Description of the task. Since pictures do not belong in the copy, please repeat every record below exactly without them.
**** Exercise inputs
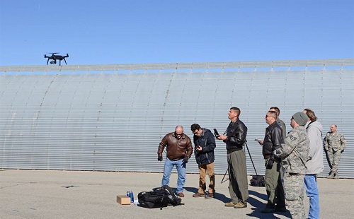 The winds remained manageable and allowed the test team to conduct three sorties with the quadcopter, which was fitted with a video camera. Live video was assessed by the team that included maintainers, to determine if the quality was adequate for routine inspections. The video recorded from the quadcopter’s camera will be analyzed to see if it is clear enough to see smaller details of the cargo plane’s exterior such as structural abnormalities, rivets and cracks.
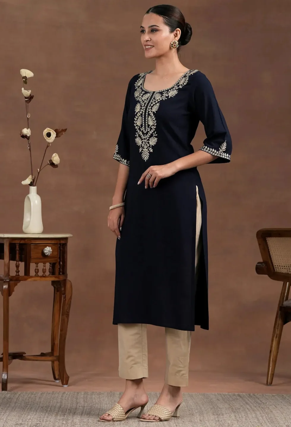 The Memsaab Blue and Gold-Toned Straight Kurta features a floral yoke design, zari detail, and a straight silhouette. Crafted from viscose rayon, perfect for festive and semi-formal wear.
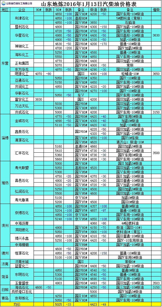 2016年1月13日山東地?zé)捚裼蛢r格表
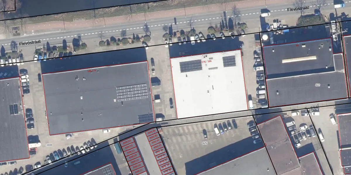 Het perceel waarop Flevostraat 178 staat heeft een oppervlakte van 1,1 ha. Dit is een zeer groot perceel. De perceeloppervlakte wordt geregistreerd door het Kadaster. Gedetailleerde informatie over de maten van dit perceel kunt u vinden in het rapport Kadastrale kaart met maatvoering van Flevostraat 178.
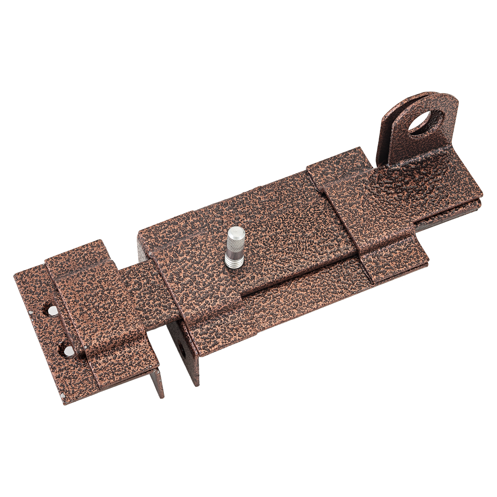 Засов накладной для деревянных и металлических дверей. Материал — сталь, полимерное покрытие. Габариты корпуса — 105х65 мм, 4 крепежных отверстия. Плоский ригель с вылетом 40 мм. В комплекте угловая ответная планка.
********
Written answer.
 The winds remained manageable and allowed the test team to conduct three sorties with the quadcopter, which was fitted with a video camera. Live video was assessed by the team that included maintainers, to determine if the quality was adequate for routine inspections. The video recorded from the quadcopter’s camera will be analyzed to see if it is clear enough to see smaller details of the cargo plane’s exterior such as structural abnormalities, rivets and cracks.
 The Memsaab Blue and Gold-Toned Straight Kurta features a floral yoke design, zari detail, and a straight silhouette. Crafted from viscose rayon, perfect for festive and semi-formal wear.
 2016年1月13日山東地?zé)捚裼蛢r格表
 Het perceel waarop Flevostraat 178 staat heeft een oppervlakte van 1,1 ha. Dit is een zeer groot perceel. De perceeloppervlakte wordt geregistreerd door het Kadaster. Gedetailleerde informatie over de maten van dit perceel kunt u vinden in het rapport Kadastrale kaart met maatvoering van Flevostraat 178.
 Засов накладной для деревянных и металлических дверей. Материал — сталь, полимерное покрытие. Габариты корпуса — 105х65 мм, 4 крепежных отверстия. Плоский ригель с вылетом 40 мм. В комплекте угловая ответная планка.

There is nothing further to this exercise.